Env-var overrides: RM_OIDC_ISSUER, RM_OIDC_CLIENT_ID, RM_OIDC_CLIENT_SECRET, RM_OIDC_CLIENT_SECRET_FILE. Mapping is YAML-only (env doesn't fit a multi-key string→string map cleanly).

When oidc.issuer is empty or missing, OIDC is disabled (current behaviour). No restart-toggle UI; this is a deploy-time setting.

Auth flow

GET /auth/oidc/login — only mounted when OIDC is configured.

Generate state (32 random bytes, base64) and code_verifier (64 random bytes, base64); compute code_challenge = base64(sha256(code_verifier)).
Store (state, code_verifier, created_at) in a new ephemeral table (or in memory with a 5-minute TTL — see "trade-off" below).
Redirect to <authorization_endpoint>?response_type=code&client_id=...&redirect_uri=...&scope=...&state=...&code_challenge=...&code_challenge_method=S256.

Callback

GET /auth/oidc/callback?code=...&state=... — also OIDC-only mount.

Validate state against the stored value (one-shot — delete row on read).
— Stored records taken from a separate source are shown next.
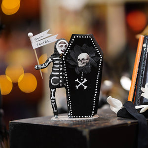 Perfect for those who love their décor with a dose of dark humor, this coffin cutie makes a fun conversation starter. Equal parts macabre and merry, he’s a reminder that not every skeleton belongs in the closet—some are best shown off front and center.
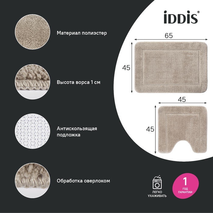 Набор ковриков для ванной комнаты 65х45 + 45х45 микрофибра светло-коричневый Iddis (PSET03Mi13)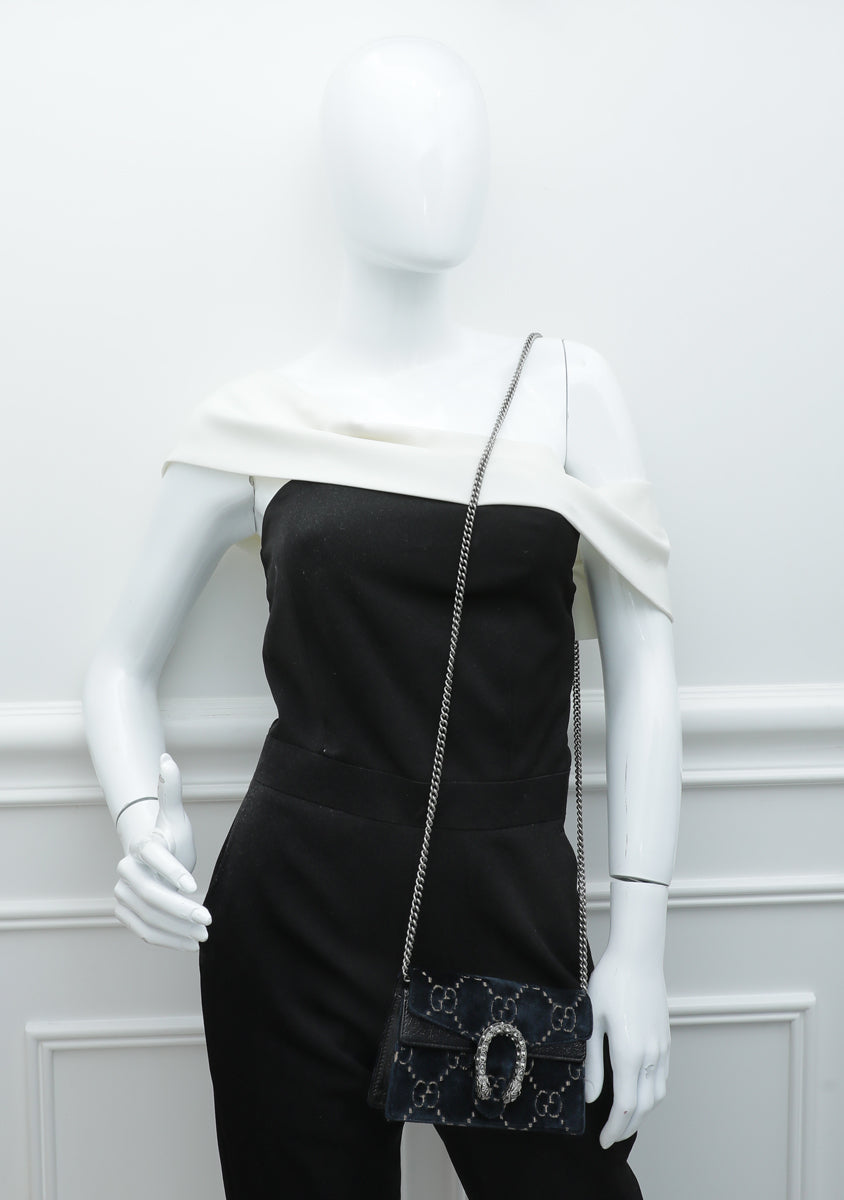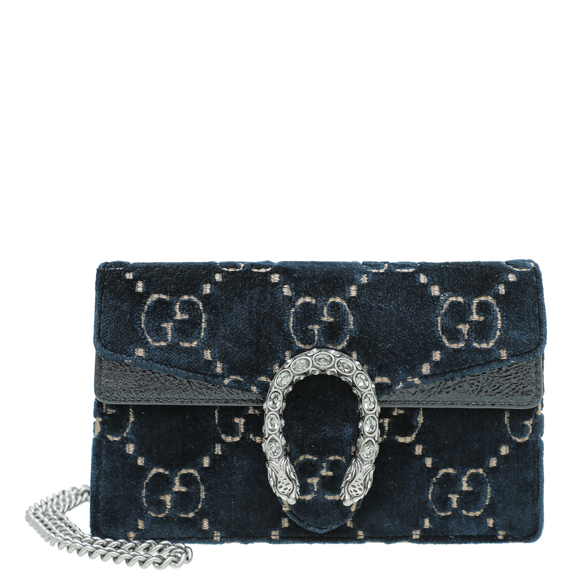 Gucci Navy Blue Velvet Crystal Dionysus Super Mini Bag

Reject if missing/expired/already used.
Exchange code + code_verifier for tokens at token_endpoint.
Validate the id_token JWT: signature against the JWKS endpoint, iss, aud, exp, iat, nonce (if used).
Extract sub, preferred_username, email, and the configured role_claim (default roles).
Pick username: preferred_username if non-empty, else email. Lowercase / trim per the existing local-user rules.
Pick role: first match in role_mapping against the array of role-claim values. No match → deny with a clear error page, no row created.
Look up user by oidc_subject. Three cases:
- Found — refresh email, role, last_login_at. Don't touch username (changing it would break audit trails; if the IdP changes the username, that's an operator concern). Log user.oidc_login.
- Not found, username free — INSERT row with auth_source='oidc', oidc_subject=<sub>, password_hash='', must_change_password=0. Log user.created with payload {"auth_source":"oidc"} + user.oidc_login.
- Not found, username taken by a local user — render an error page: "This OIDC user (<sub>) wants to sign in as alice, but a local user with that name already exists. Ask your administrator to either rename / remove the local user, or exclude this user from the OIDC mapping." 403, no row created. Log user.oidc_login_blocked.
Drop a session cookie + MarkUserLogin (the existing helper).
Redirect to /.

Logout

POST /logout (existing handler) — augmented:

Look up the session before deletion (we need the user row to know if they're an OIDC user).
Delete the session as today.
If the user is auth_source='oidc' AND the discovered end_session_endpoint is non-empty → 303 to <end_session_endpoint>?id_token_hint=<id_token>&post_logout_redirect_uri=<base>/login. Otherwise → existing 303 to /login.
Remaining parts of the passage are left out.